**Data:**
*** Begin section ***

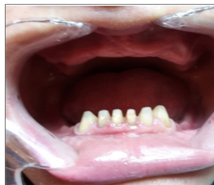
Figure 2: Aspect of preparation of the teeth at the mandibular level.
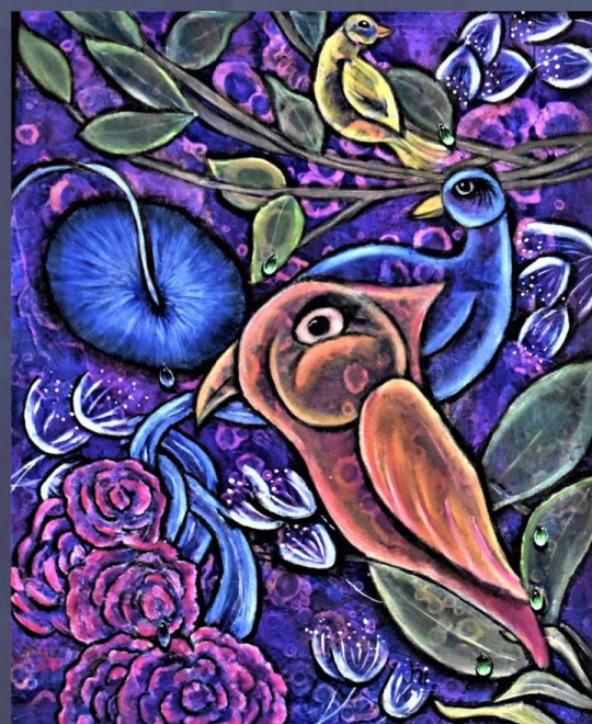
Artwork by Jeanice Ullman

TABLE TENNIS FOR BEGINNERS NEW ON THURSDAYS 4:30 - 8:30 PM
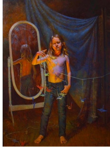
Work by Seth Haverkamp

Bella Vista Art Gallery, 14 Lodge St., Historic Biltmore Village, Asheville. Ongoing - Featuring works by regional and national artists in a variety of mediums. Offering contemporary oil paintings, blown glass, pottery, black & white photography, stoneware sculptures, and jewelry. Hours: Mon.-Sat., 10am-6pm & Sun., 10am-4pm. Contact: 828/768-0246 or at (www. Bella Vista Art.com).
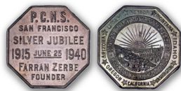
25th Anniversary, 1940
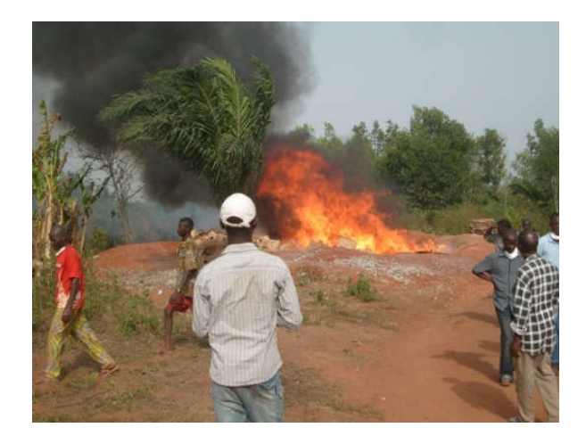
Figure 5. Picture showing the Incineration of a waste product coming from the port

Incineration : It is a technique for the destruction of waste by the action of fire; it is also a thermal treatment of refuse in an appropriate oven in the presence of excess air and whose heat collected is partly transformed into energy (Adissin, 2008). The incineration method is shown in the picture 5. As the picture shows, this destruction necessitated the digging of a large pit, the size of which corresponds to the quantity of the damaged products to be destroyed. For example, for the chicken legs, it must be removed from their packages, be placed in the pit where thousands of liters of gasoline will be spilled, followed by firing.
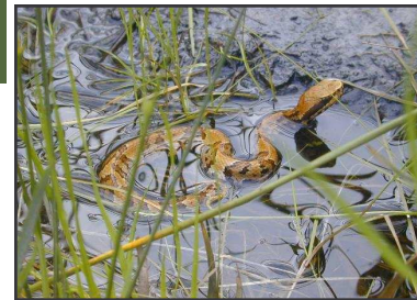
Juvenile Cottonmouth

The program consists of 4 'fact sheets' as well as PowerPoint presentation. The fact sheets are available on IFAS EDIS system. The PowerPoint is available upon request. The four publications are 1) Dealing with Venomous Snakes in Florida School Yards, 2) Emergency Snakebite Action Plan, 3) Preventing Encounters Between Children and Snakes", 4) Recognizing Florida's Venomous Snakes".
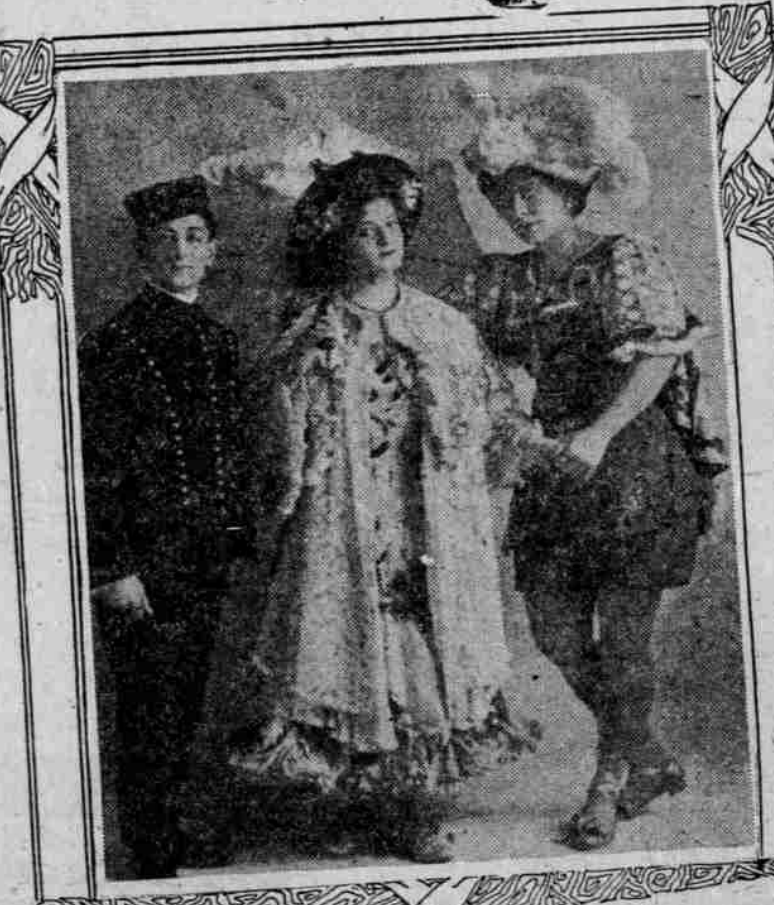
THE VELDE TRIO IN THEIR EQUILIBRIAL, ACROBATIC COMBINATION INCLUDING LOOP THE LOOP DOGS AT FANTASIES

LOCAL theatergoers have an interesting week in prospect, the bright particular event being the engagement of James T. Powers and the Shubert Company, in the musical play, "The Blue Moon."
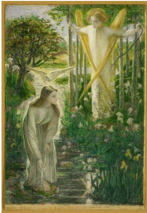
Fig. 6 The Annunciation by Dante Gabriel Rossetti, 1855

http://iconsandimagery.blogspot.com/2011/04/title-morning-of-resurrection-artist.html
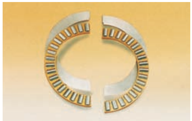
Propeller shank bearings

Major propellers in which NTN bearings are employed 63E60 (HAMILTON STANDARD LICENCE) 54H60 (HAMILTON STANDARD LICENCE)
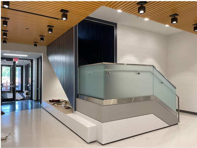
New stair located in addition.
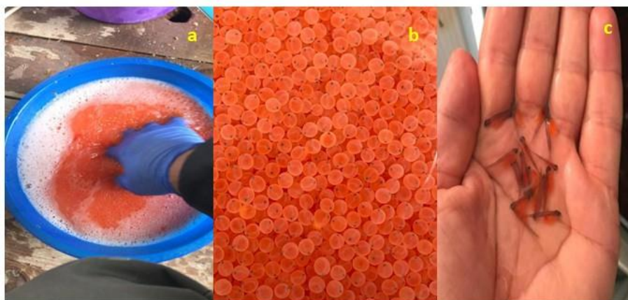
Figure 3: Egg and marsupial hatchling with prominent eyes, a, b, c (Original, 2024).
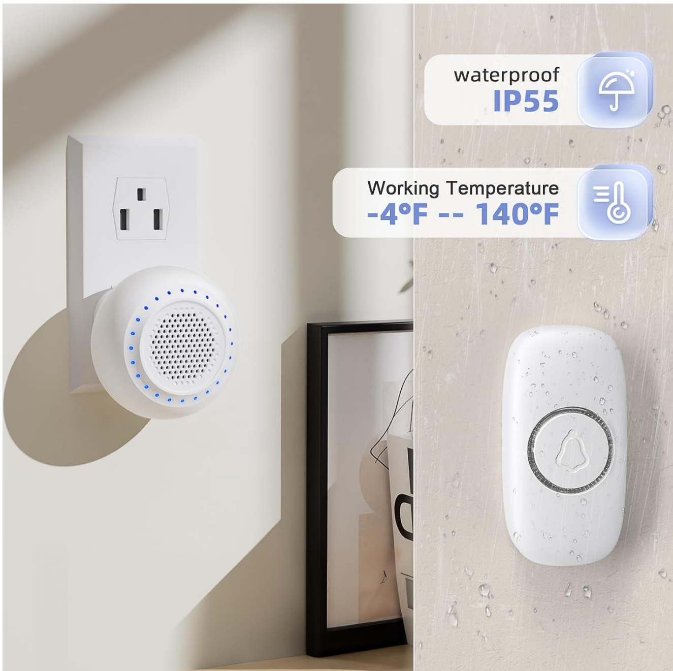
Image: The transmitter's IP55 waterproof rating ensures durability in diverse weather conditions.

*** End section ***

**Exercise prompt:** Starting at the line that contains "New stair located in addition.", restate every line through the end of the records exactly as written, but leave the pictures out.

**Solution for this problem:**
New stair located in addition.
Figure 3: Egg and marsupial hatchling with prominent eyes, a, b, c (Original, 2024).
Image: The transmitter's IP55 waterproof rating ensures durability in diverse weather conditions.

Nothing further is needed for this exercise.